Work to complete
Report every line below that holds the word "Highness".

Recorded data
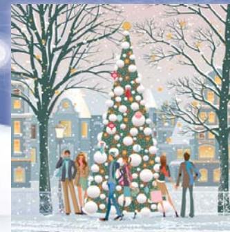
16. CHRISTMAS CITY SCENE (WITH SILVER FOIL)
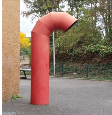
Fig. 4. Air ventilation pipe

Algorithms are an integral part of software that children use in their everyday life. The behaviour of a product as well as the ways how to use it is defined by algorithms. For example, a SnapChat message is not just a media but it has some kind of behaviour that is defined by an algorithm. It vanishes after some time. In challenge 11 the Smartwalkers create postings with a lifetime.
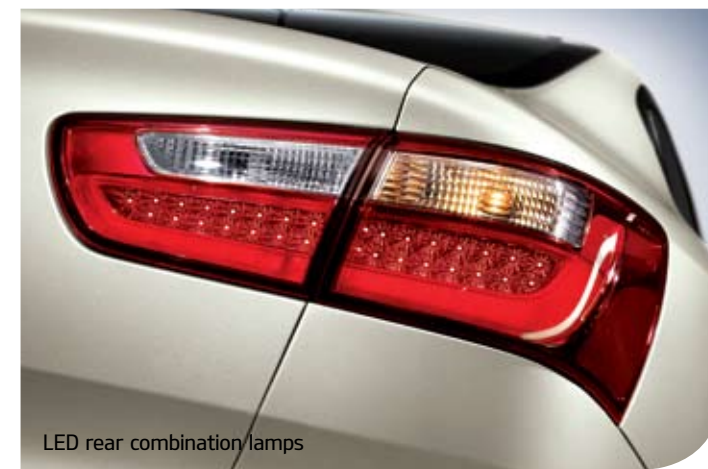
LED rear combination lamps
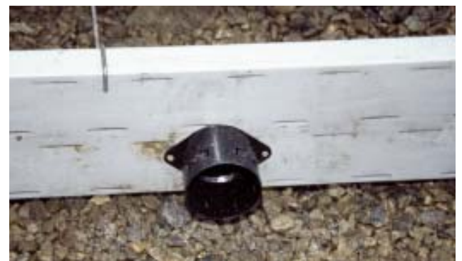
Figure 9. Using a hole saw (top left), a worker drills a 3 1/2-inch hole in the side of the form for the crossover pipe (top right), which allows the inner form to drain into the outer form. The pipe adapter attached to the outside form (above) will connect to the daylight drain.

to help hold them in place, then bring in the excavator to spread the rest of the stone while we're setting the foundation forms.
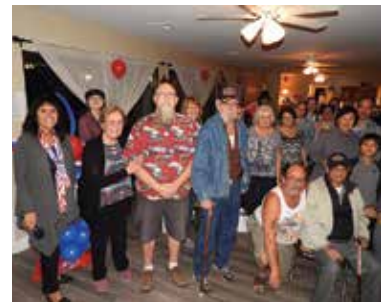
Part of the group in attendance for the meeting, which included community members who joined our veterans for the night's activities.
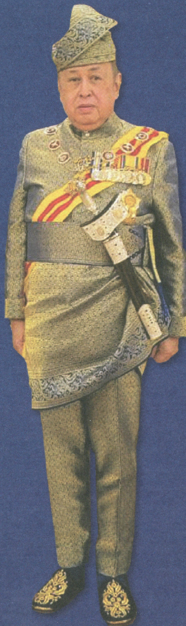
His Highness Tengku Sulaiman Shah Al-Haj ibni Almarhum Sultan Salahuddin Abdul Aziz Shah Al-Haj, D.K. (Johor), D.K.II (Selangor), S.P.M.J (Johor), S.P.M.S (Selangor), S.J.M.K (Kelantan), P.I.S (Johor)

His Highness Tengku Laksamana of Selangor

Response to the exercise
His Highness Tengku Sulaiman Shah Al-Haj ibni Almarhum Sultan Salahuddin Abdul Aziz Shah Al-Haj, D.K. (Johor), D.K.II (Selangor), S.P.M.J (Johor), S.P.M.S (Selangor), S.J.M.K (Kelantan), P.I.S (Johor)
His Highness Tengku Laksamana of Selangor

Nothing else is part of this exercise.